2018-01-16 08:27:13.940 [DEBUG] Processed 74 Flex config files (18 successful, 13 skipped, 38 added to DirectFlex cache, 1 disabled, 4 retired)

2018-01-16 08:27:13.940 [DEBUG] Processed 8 UEM import tasks (7 successful, 1 skipped)

2018-01-16 08:27:13.940 [DEBUG] Processed 89 UEM drive mappings (6 scheduled, 82 skipped, 1 disabled)

2018-01-16 08:27:13.940 [DEBUG] Processed 5 UEM printer mappings (1 scheduled, 4 skipped)

2018-01-16 08:27:13.940 [DEBUG] Processed 15 UEM settings imports (13 successful, 1 skipped, 1 disabled)

2018-01-16 08:27:13.940 [DEBUG] Processed 1 UEM drive hiding setting (1 successful)
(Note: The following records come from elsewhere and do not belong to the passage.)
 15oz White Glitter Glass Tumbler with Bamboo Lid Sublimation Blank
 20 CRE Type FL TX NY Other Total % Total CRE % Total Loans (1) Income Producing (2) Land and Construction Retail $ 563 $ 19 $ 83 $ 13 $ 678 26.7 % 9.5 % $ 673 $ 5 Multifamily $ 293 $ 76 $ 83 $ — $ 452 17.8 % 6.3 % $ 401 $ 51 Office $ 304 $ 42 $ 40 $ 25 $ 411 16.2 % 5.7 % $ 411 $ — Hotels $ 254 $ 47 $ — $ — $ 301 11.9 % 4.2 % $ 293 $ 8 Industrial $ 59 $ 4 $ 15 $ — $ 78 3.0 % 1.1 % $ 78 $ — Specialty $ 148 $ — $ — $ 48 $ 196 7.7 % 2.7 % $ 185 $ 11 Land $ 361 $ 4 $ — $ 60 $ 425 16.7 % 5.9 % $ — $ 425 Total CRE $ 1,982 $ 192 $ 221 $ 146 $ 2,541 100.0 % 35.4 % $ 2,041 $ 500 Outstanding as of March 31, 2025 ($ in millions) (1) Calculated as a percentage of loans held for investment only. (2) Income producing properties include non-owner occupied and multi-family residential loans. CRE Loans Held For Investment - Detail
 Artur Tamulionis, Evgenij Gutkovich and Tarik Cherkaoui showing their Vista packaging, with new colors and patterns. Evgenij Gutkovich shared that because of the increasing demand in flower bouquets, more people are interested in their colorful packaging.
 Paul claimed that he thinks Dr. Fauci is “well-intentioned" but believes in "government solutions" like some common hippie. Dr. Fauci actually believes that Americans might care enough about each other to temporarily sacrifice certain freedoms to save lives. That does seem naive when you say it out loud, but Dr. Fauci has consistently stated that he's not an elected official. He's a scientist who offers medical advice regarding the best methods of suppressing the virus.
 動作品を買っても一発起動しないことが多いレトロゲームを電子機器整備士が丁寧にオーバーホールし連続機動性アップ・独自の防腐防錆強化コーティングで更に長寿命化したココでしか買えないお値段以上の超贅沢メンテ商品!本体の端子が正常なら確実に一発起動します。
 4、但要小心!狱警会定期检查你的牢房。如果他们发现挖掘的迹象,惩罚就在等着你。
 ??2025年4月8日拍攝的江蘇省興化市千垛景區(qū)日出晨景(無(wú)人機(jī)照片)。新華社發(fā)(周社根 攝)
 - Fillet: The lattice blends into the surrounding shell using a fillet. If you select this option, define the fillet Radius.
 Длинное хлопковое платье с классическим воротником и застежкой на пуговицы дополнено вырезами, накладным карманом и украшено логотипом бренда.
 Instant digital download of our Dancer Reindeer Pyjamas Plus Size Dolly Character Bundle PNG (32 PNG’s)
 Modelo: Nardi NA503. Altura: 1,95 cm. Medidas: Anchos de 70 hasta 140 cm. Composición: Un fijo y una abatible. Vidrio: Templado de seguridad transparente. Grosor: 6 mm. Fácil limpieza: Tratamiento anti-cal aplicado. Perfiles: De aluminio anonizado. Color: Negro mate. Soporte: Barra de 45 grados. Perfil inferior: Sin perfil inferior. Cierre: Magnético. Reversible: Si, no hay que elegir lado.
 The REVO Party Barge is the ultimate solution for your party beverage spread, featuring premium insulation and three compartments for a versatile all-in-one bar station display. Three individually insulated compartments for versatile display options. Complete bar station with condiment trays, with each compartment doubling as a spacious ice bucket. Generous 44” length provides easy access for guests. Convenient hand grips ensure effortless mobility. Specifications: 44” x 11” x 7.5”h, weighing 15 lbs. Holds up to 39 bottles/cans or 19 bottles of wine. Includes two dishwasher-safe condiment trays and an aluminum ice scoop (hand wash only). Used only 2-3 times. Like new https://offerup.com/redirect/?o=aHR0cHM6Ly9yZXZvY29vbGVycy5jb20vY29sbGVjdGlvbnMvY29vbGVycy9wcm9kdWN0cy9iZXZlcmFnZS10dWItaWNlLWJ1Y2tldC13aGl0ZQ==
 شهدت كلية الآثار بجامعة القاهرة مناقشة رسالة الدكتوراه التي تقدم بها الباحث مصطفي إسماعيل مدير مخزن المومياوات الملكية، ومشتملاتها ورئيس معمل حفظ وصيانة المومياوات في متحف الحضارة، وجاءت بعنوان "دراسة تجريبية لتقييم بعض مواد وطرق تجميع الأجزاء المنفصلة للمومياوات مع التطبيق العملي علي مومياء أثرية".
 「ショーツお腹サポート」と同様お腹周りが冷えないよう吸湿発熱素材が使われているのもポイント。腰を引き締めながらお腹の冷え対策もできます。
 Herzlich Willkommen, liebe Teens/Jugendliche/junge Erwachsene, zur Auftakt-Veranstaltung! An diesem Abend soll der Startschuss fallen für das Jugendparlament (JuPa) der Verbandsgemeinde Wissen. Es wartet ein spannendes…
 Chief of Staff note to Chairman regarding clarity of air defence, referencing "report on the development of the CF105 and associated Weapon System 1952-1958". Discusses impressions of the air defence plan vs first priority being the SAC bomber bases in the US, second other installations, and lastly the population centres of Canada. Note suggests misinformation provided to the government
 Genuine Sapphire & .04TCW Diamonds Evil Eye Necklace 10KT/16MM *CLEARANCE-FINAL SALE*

2018-01-16 08:27:13.940 [DEBUG] Processed 2 UEM ADMX-based settings (2 successful)

2018-01-16 08:27:13.940 [DEBUG] Processed 131 UEM shortcuts (3 successful, 25 scheduled, 100 skipped, 3 disabled)

2018-01-16 08:27:13.940 [DEBUG] Processed 4 UEM folder redirection settings (2 successful, 2 skipped)

2018-01-16 08:27:13.940 [DEBUG] Processed 1 UEM application blocking setting (1 disabled)

2018-01-16 08:27:14.581 [DEBUG] Started DirectFlex injection

2018-01-16 08:27:14.627 [DEBUG] Launched FlexEngine in DirectFlex mode

2018-01-16 08:27:14.627 [INFO ] Done (35113 ms) [<<IFP#00e843da-3e7]

What are people's thoughts on Direct Flex for the office applications? At the moment I tend to leave this as default, but is there any reason not to enable it on these as well?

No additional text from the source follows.